* _Dataset extract_:

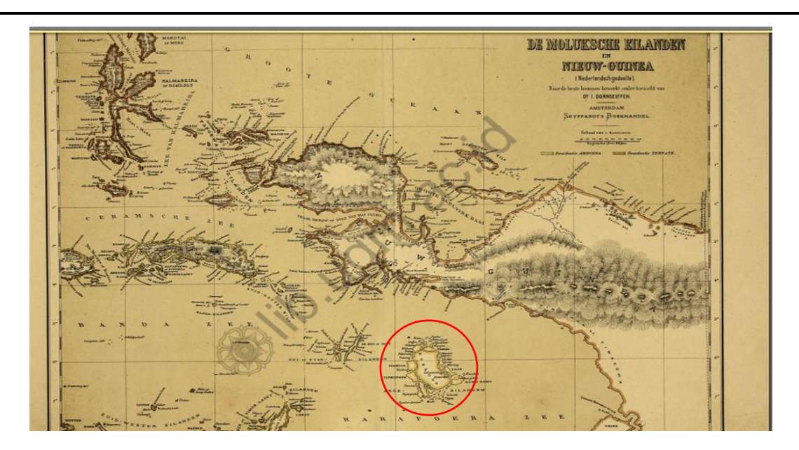
Figure 1: Map from Atlas van Nederlandsch: Oost- en West-Indie
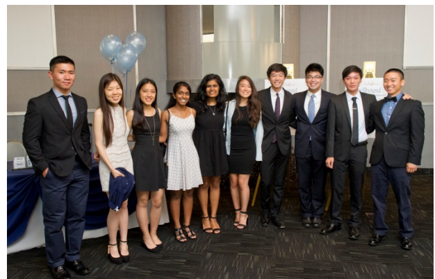
Students from Case for Sight
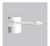
Throat adapter articulated 1

* _Required action_: Restate, exactly as they appear, the line with "Students from Case for Sight" and all the lines after it up to the end of the data above; images do not belong in the copy.

* _Solution to this task_:
Students from Case for Sight
Throat adapter articulated 1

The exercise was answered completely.